Fairness, Rollout, and Global Ambitions
A critical aspect of Splitit’s model, as articulated by Sheth, is its commitment to fairness in a segment that has often faced scrutiny for high BNPL costs. He expressed confidence that the fees and Annual Percentage Rates (APRs) charged by banks implementing this solution will reflect a greater sense of equity. Given banks’ inherent understanding of risk and their comparatively lower cost of capital compared to many third-party BNPL providers, consumers are expected to benefit from more favorable terms. This emphasis on fairness not only serves the consumer but also reinforces the bank's role as a trusted financial partner.
Both Splitit and DXC have dedicated teams diligently working to finalize the integration, with a production-ready rollout anticipated in the first quarter of 2026. Prior to this full launch, three pilot banks are already slated to commence operations, with at least two expected to go live by the second quarter of 2025. While the initial debut of this partnership is focused on the U.S. market, there is considerable interest extending beyond its borders.
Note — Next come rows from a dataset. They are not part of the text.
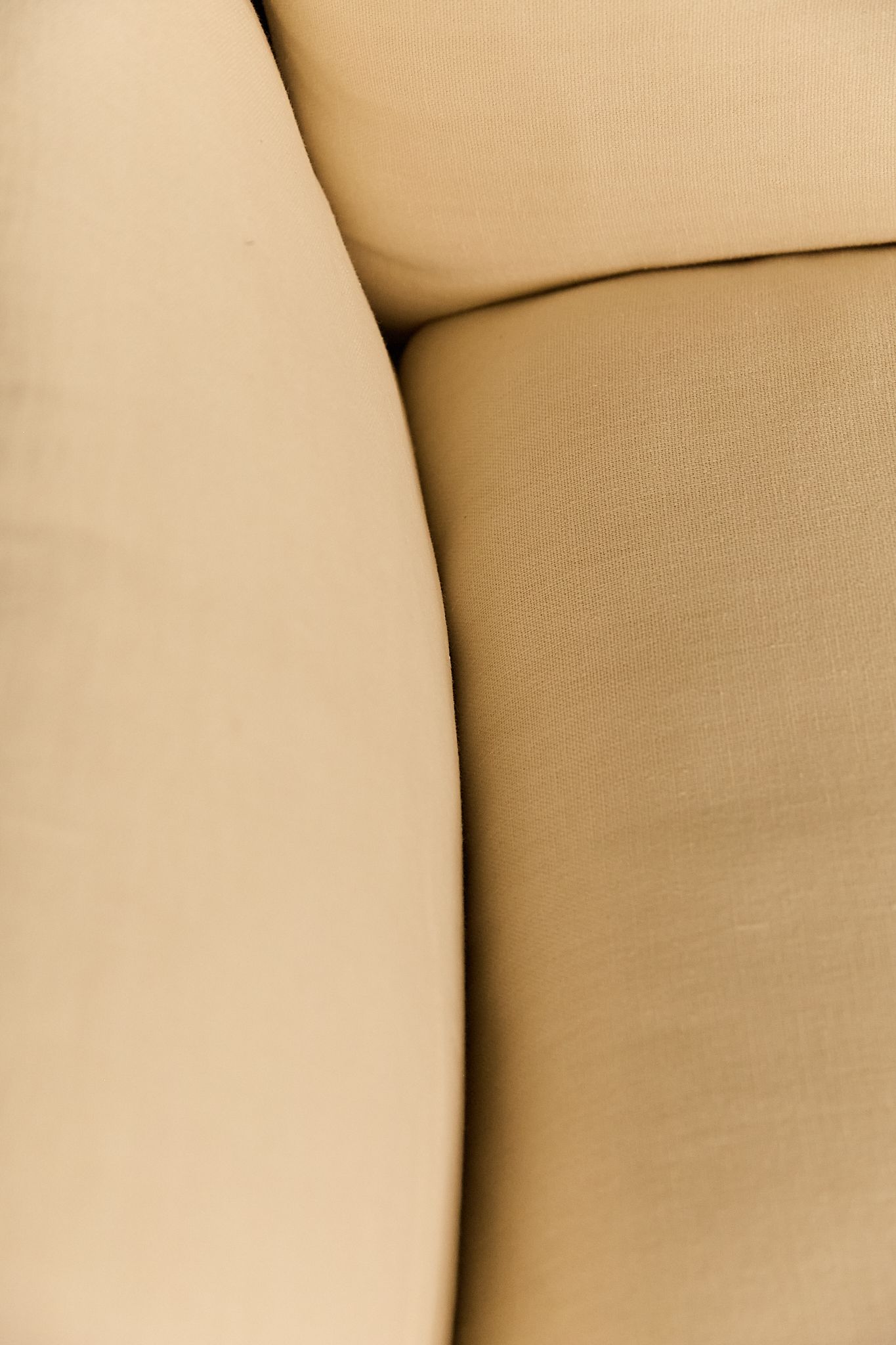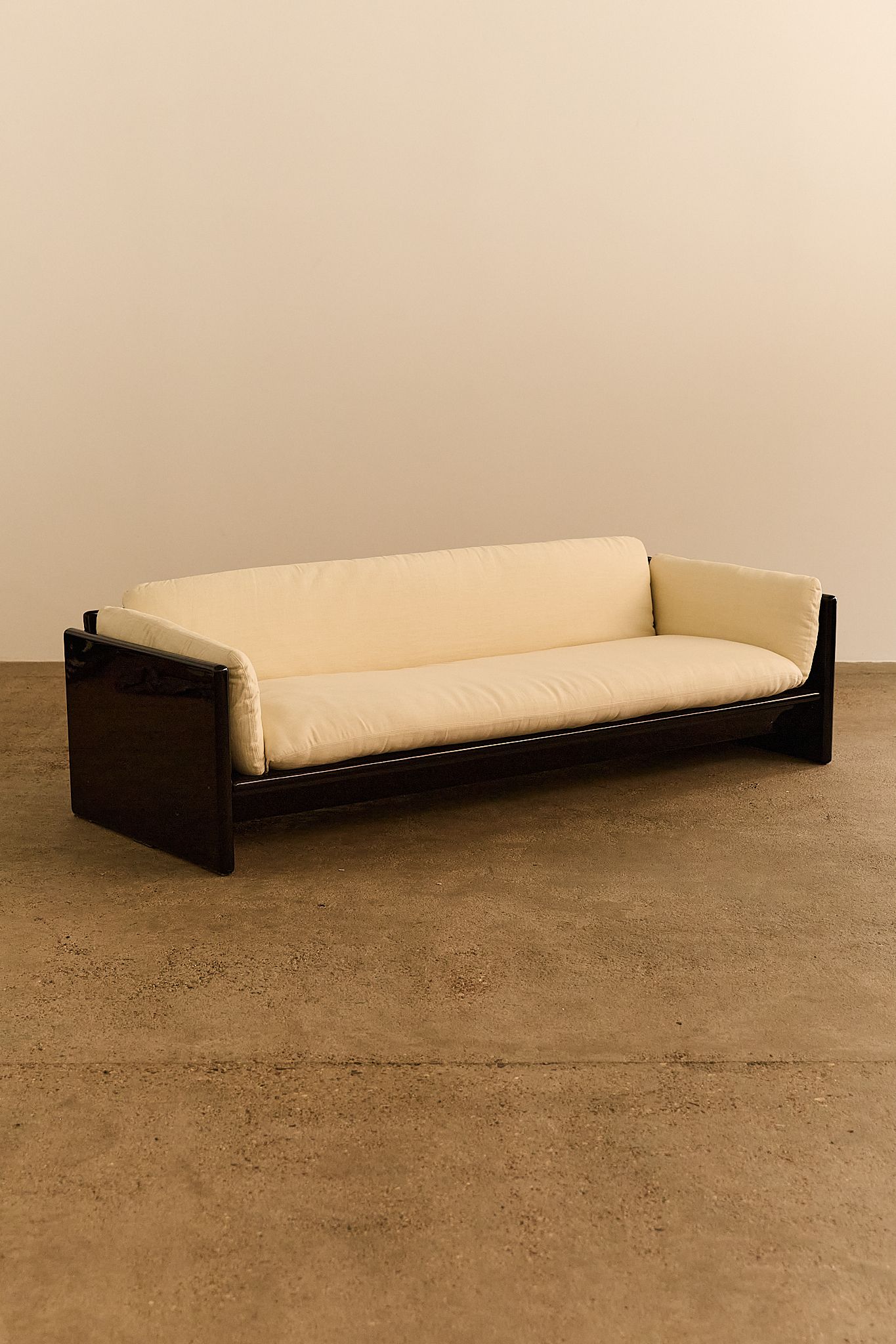 A sculptural 3-seater sofa designed by Kazuhide Takahama for Studio Simon (later re-named Gavina) in the 1970s. The frame is formed from lacquered black wood with Takahama’s simple but robust forms giving its structure punctuation. Newly upholstered in soft Italian linen, the plush cushions offer a fresh contrast to the rigid, minimal structure.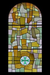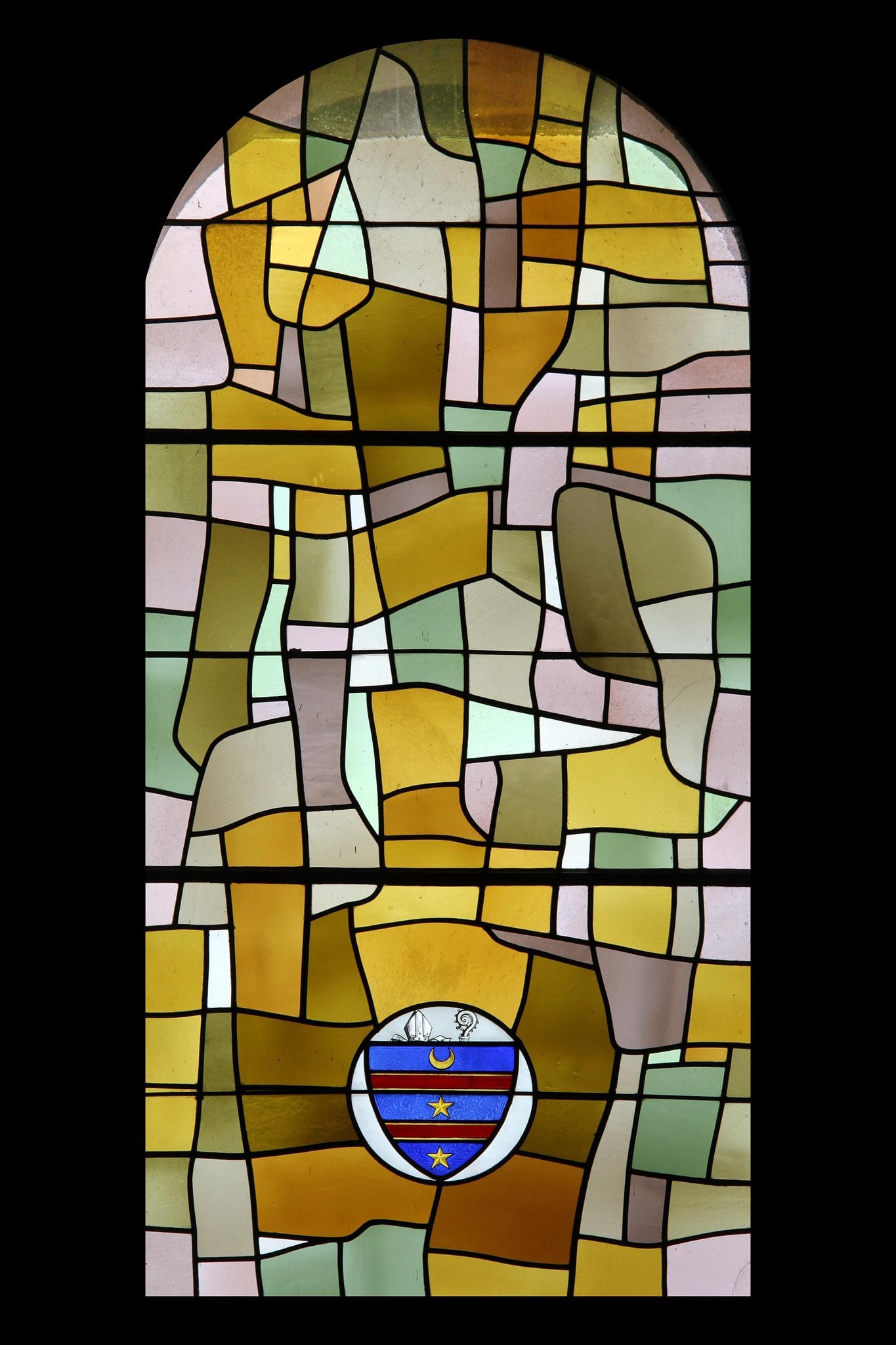 Vitrail non figuratif composé de verres beiges, jaunes, verts et mauves avec les armoiries de saint François de Sales en bas au centre.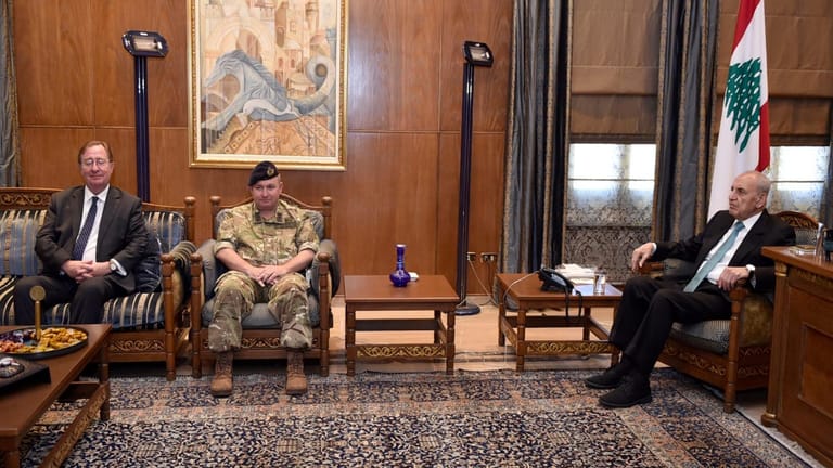 Parliament Speaker Nabih Berri received at the second presidency headquarters in Ain El Tineh, the UK Defence Senior Advisor to the Middle East and North Africa (DSAME) Vice Admiral Edward Ahlgren, and the accompanying military delegation, in the presence of British Ambassador to Lebanon, Hamish Cowell.

Sheth observed a growing trend of debit card usage in regions like the U.K. and Europe, indicating a strong appetite among those banks to embed installment credit vehicles directly onto existing DDAs or debit cards, catering to a consumer base actively seeking transactional credit options.
Ultimately, Sheth posits that this opportune alignment of market timing, cutting-edge technology, and established trust delivers substantial benefits for both financial institutions and their customers. Consumers stand to gain from lower fees and more transparent terms, while banks can unlock new fee income streams from debit portfolios that have historically experienced modest growth. This strategic initiative effectively addresses a large yet often underserved segment of the market, promising a significant positive impact on the global financial ecosystem.